Burnout is a challenging issue. It forces us to confront our own reactions and feelings, and to make some difficult decisions. It always troubles me when I read about doctors who hate their job. Almost invariably they are suffering from workplace burnout, and simply aren't sure how to deal with it. There are too many options, and too many jobs in medicine for anyone to be stuck in an environment that is intolerable. Hopefully as we move towards recognition of burnout as a widespread and important issue we can help physicians develop the personal tools to cope with difficult situations as they arise, and workplaces that support this process.

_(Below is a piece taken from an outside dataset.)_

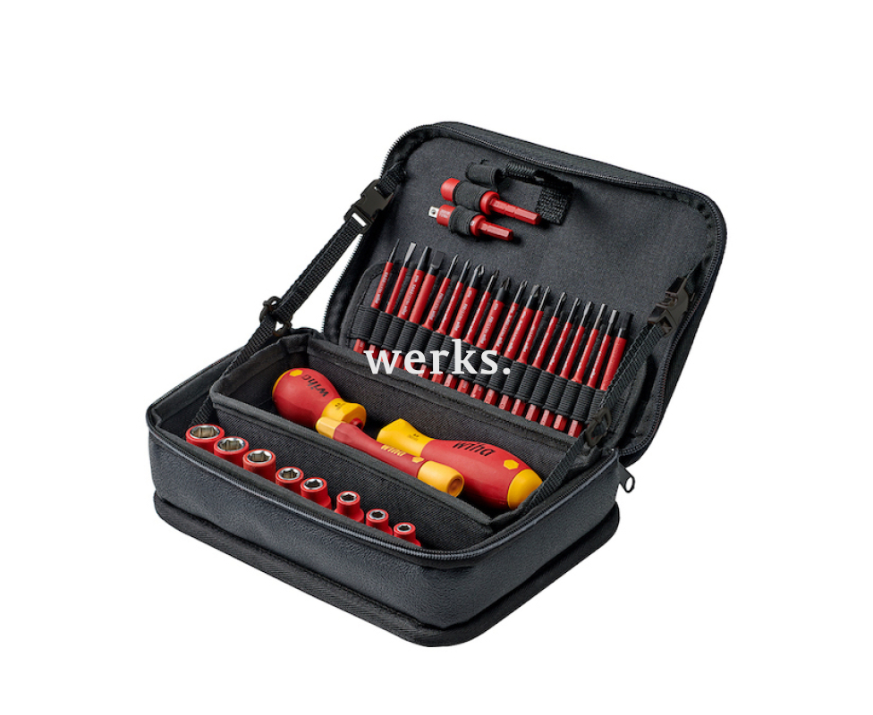 Профессиональный набор VDE инструментов, предназначенный для точных и аккуратных электротехнических работ. Сертификация VDE и GS. Безопасное использование до 1000 В переменного тока. Компактная и прочная сумка из нейлона для удобной переноски. В комплекте 31 элемент. Рукоятка: SoftFinish electric SlimVario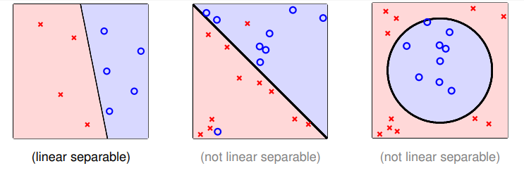 - 下图左边是线性可分的,中间和右边不是线性可分的:

Self-care is not a soft subject and should not be treated as such. Doctors can't provide good care to patients when they themselves are unwell. We all have a duty to bring our best selves to our work and to our lives, and this involves giving self-care more than the short change it currently receives.

3 comments:

Xavier Emmanuelle said...

Thank you for this. Really. It validates a lot of what I felt this year when I started to burn out. I'm only in undergrad, but I had to take some time to step back and take a look at my priorities. I had never sen anyone in medicine admit to needing time to reflect and re-evaluate, so a part of me thought that it was a sign of weakness. I'm glad to hear that someone who is finished all the training and such does it as well.

Dr. J. said...

Unfortunately the majority of people in medicine will read this and think it's total bunk because the prevailing view in medicine is that doctors don't need time to reflect and that it is a sign of weakness. Many doctors still believe that it is a sign of great (moral) strength to simply suck it up and keep on keeping on....the unfortunate aspect of this sort of thinking is that these negative experiences don't bottle well and often leak out at inopertune moments and with unintended consequences.
Significant curtural shift needs to occur before this sort of thinking will be widely accepted.
Dr. J.

Midwife with a Knife said...

What a timely post. Lots to think about. Where I was a resident, we had monthly, schedualed debriefings. Because our job so often involves delivering dead babies, dealing with bad outcomes, and we did all of the pediatric sexual assault evals, these abnormal events really are normal for what we do.